Donald Trump’s commutation of Roger Stone’s sentence is even worse than it looks

It is a scheme now familiar with Trump and his administration. The president is doing or saying something totally outrageous. Everyone panics for 24 hours. And then he does another scandalous thing, and the previous scandal is forgotten or thrown aside. Lather, rinse, repeat.

Except that Stone switching must not be so quickly forgotten or replaced by the latest outrage.

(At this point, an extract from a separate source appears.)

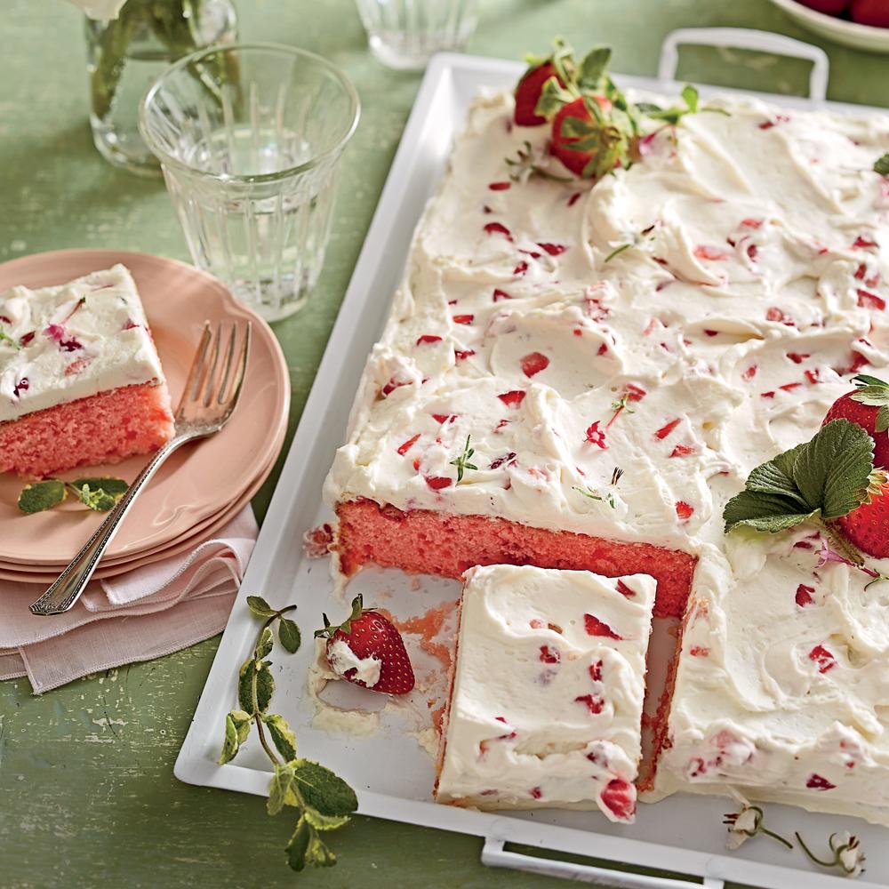 4 Bake at 350° for 30 to 40 minutes or until a wooden pick inserted in center comes out clean. Cool in pan on a wire rack 30 minutes. Lift cake from pan, using parchment paper sides as handles. Invert cake onto wire rack; gently remove parchment paper. Cool completely (about 1 hour). Spread Strawberry Frosting on top and sides of cake.

Because this not only represents a misuse of presidential power, but will also have long-term impacts on the way future presidents view their powers of pardon and switching.

Think about what Stone was found guilty of by a jury of his peers: seven counts, including lying to Congress about his contacts with Trump campaign officials regarding the release of a series of emails stolen from the servers of the National Democratic Committee by the Russians and subsequently posted on the WikiLeaks website.

This, from CNN’s drafting of the initial indictment presented by the office of special advocate Robert Mueller against Stone, exposes this allegation:

“On October 7, 2016, after WikiLeaks published its first series of emails from Clinton campaign president John Podesta, prosecutors said Stone received a text message from” a senior official’s associate the Trump campaign “which said” well done “. signaling that the Trump campaign was completed in the quest for a stone of dirt on the Democrats.

“The campaign associate and senior official are not named in the complaint, although the indictment describes how Stone told a reporter that what Assange had in unpublished emails was good for the Trump campaign, Stone replied, “I” d say [the high-ranking Trump Campaign official] but he doesn’t remind me “.”

“An e-mail corresponding to this formulation which was published by the New York Times shows that the official stone mentioned was Steve Bannon.

“After the October 7 news releases, Stone boasted to” senior Trump campaign officials “that he correctly predicted the data transfer, according to prosecutors.”

Stone repeatedly insisted publicly, and in his testimony to Congress, that he had not attempted to contact WikiLeaks and had not attempted to mediate between the Trump campaign and WikiLeaks founder Julian Assange during the publication of emails, which were intended to harm Hillary Clinton’s presidential campaign.

Then there is the fact that Stone was found guilty of trying to falsify a witness – radio talk show host Randy Credico – in the Mueller investigation, urging Credico, who Stone claimed to be his backchannel to WikiLeaks, to lie to Congressional investigators. Stone also threatened Credico if he did not do so, suggesting that he would take Credico’s therapy dog ​​- Bianca – and texting Credico “is preparing to die [expletive]. “

These are not minor crimes. Let’s be very clear what Stone did: he lied to Congress about his efforts to find out what WikiLeaks had in terms of hacked emails designed to damage Clinton. He also threatened someone – with death – unless that person lied to Congress about the nature of his role in redirecting information from WikiLeaks.

As Mueller wrote in a Washington Post editorial this weekend:

“A jury later determined [Stone] repeatedly lied to members of Congress. He lied about the identity of his intermediary at WikiLeaks. He lied about the existence of written communications with his intermediary. He lied by denying that he contacted the Trump campaign when WikiLeaks was released. He has in fact repeatedly updated senior campaign officials on WikiLeaks. And he tampered with a witness, imploring him at the Stonewall Congress. “

And now Stone has been rewarded with a commutation of what was to be a 40-month prison sentence which was to begin Tuesday – not because he did not do what he was sentenced for but rather because he ) he remained loyal to Trump (“There is no circumstance under which I will give false testimony against the President,” said Stone when he was formally charged) and b) his condemnation was deeply resented rooted in Trump that Russia’s meddling in the 2016 election to help him somehow invalidates his victory.

“Roger Stone is the victim of the Russian hoax that the left and its media allies have perpetuated for years in an attempt to undermine Trump’s presidency,” reads the White House official statement on Stone switching. “There has never been collusion between the Trump campaign or the Trump administration with Russia. Such collusion has never been more than a fantasy of supporters unable to accept the outcome of the 2016 elections.”

(Box: From the strange capitalization to the tone of the declaration, it seems clear that Trump wrote the declaration or played a major role in its construction.)

And, not only is Stone not going to jail. He seems to be ready to spend the next four months on some sort of victory tour for Trump – a living and breathing example of how the President can triumph over what is called the “Deep State”. This victory lap begins Monday evening with an appearance on Sean Hannity’s Fox News show. Stone also told Axios on Sunday that he plans to write a book “on this whole ordeal to put the myth of Russian collusion to bed once and for all” and will campaign for the president in the fall.

Great stuff, with a deeply problematic underlying message.

This message? Utah Senator Mitt Romney explained in a Saturday tweet:

“Unprecedented historic corruption: an American president commutes the sentence of a person convicted by a jury of lies to protect this same president.”